Monday 26 May 2014

Raijin

The story of Raijin begins in 1944. His grand-father was a high ranking officer in the Japanese Imperial Navy. He and some colleagues had been on leave for a few days when they were flying back with a few of their favourite concubines. Their plane crashed over a remote South Pacific island. The marooned crew, after waiting months with no avail for a rescue party, accepted their fate and began a thriving little colony on the island. All throughout, word that the war was over never reached the isolated island, and all boys born on the island were trained to be elite warriors, in the strictest Bushido tradition. Once re-connected to the war effort, these men would unleash swift retribution unto any enemy. But rescue never came for Raijin's father, and so when Raijin was born (like his father, he is named for the God of Thunder), a new generation of warriors emerged.

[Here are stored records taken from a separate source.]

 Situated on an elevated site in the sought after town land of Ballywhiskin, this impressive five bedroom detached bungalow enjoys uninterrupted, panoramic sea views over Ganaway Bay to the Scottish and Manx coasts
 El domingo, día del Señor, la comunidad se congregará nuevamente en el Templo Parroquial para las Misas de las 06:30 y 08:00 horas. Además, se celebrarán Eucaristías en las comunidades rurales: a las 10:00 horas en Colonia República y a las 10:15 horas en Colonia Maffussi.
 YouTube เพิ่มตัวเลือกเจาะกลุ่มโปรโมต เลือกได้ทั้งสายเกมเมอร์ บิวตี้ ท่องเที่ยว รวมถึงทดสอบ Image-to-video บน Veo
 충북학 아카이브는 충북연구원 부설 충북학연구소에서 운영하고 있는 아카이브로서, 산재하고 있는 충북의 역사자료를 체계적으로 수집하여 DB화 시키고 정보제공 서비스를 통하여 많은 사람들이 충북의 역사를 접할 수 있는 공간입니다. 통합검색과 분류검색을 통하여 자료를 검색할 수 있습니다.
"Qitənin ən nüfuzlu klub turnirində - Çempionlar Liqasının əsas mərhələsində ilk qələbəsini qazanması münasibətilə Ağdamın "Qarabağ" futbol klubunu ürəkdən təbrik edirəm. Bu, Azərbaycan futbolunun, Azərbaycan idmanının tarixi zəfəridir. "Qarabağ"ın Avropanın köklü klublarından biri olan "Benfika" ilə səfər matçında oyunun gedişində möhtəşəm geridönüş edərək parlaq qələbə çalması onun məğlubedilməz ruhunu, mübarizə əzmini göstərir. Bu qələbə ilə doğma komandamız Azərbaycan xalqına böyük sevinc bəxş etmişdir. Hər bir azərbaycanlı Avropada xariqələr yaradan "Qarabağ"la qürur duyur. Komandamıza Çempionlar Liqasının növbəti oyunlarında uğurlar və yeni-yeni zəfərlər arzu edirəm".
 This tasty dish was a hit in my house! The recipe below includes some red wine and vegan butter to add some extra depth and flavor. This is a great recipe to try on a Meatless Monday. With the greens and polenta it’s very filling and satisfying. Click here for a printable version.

Last year, a Japanese whaling boat wandered upon the island whilst trying to avoid Greepeace activists. The “scientists” aboard were astonished to find the colony of almost sixty inhabitants, Raijin included. Although raised in traditional Japanese fashion, Raijin was completely unprepared for modern Japanese life. Once he got over the fact that they had lost the war (kinda bursting a huge myth bubble of the invincibility of the Japanese warrior), he is now trying to wrap his head around Hello Kitty, amongst other things. He is seeing a shrink thrice weekly. After contemplating seppuku, he instead turned his physical prowess to dominating the Dance Dance Revolution. He's like a ninja at it.

Wednesday 7 May 2014

Tyrone


Tyrone took over his Uncle's barbecue joint, Ol' Jumbo's Chicken & Ribs, in 1994, and has since been churning out some of the best ribs in the Carolinas for the past two decades. That being said, so does Jeb's Oink Pit across town. The smoked rib rivalry between the two has been going on since the Johnson administration, and was for the large part a friendly one. But all that changed last year when Jeb passed on the Oink Pit to his grandson, Jeb III (or Junior Junior, as he is called in the family). Jr. Jr. recently got Netflix, and began watching House of Cards. Seeing the success of the BBQ joint in that series, he began a letter writing campaign to all local congressman & senators to patronise his rib joint. Tyrone, hearing of this, decided to follow suit, and added mayors and sheriffs to his mailing list, too.
Each elected official showing up resulted in photos being taken and sent to the rival restaurant. When Tyrone heard that Jr. Jr. was spreading lies that Ol' Jumbo's was making political donations to the other party, he knew the gloves were off. He snuck in one night and replaced all of Jr. Jr.'s sugar with salt, and paprika with cayenne.
The next day, when he tasted his sauce just before opening, Jr. Jr. had a nasty surprise... and had to cancel an order for a baseball tournament. Coincidentally, Tyrone had an extra thirty full racks already done when the tournament organisers called in a panic to find ribs. Ah... Tyrone.... You sneaky bastard.

Sunday 4 May 2014

Eldrige "Chubbs" Ferguson

Chubbs is perhaps best known as the front-man for his band, Chubbs Ferguson & the Hound Harbor Tugboats. The only seven- (Yes! SEVEN!) time winner of the Southeast Olde-Tyme Music Association artist of the year, he was also inducted last year in Mountain Music Hall of Fame. His talent on the dobro is so extreme, it has become commonplace for other squirrels in the music scene to aspire to having "chops like Chubbs". Unfortunately, since "the accident", Chubbs doesn't tour much anymore. He claims it is because of back pain, but many say it's for the shame of it all. Last spring, after a sold-out show in Wichita, his car was found in the morning wrapped around a telephone pole along Route 15. When the police found him, he was unconscious, and two nubile prairie dogs, half his age, were barely clinging onto life in the back seat. The police report states he suffered a mild heart attack, but most suspect the real cause was his penchant for Zima.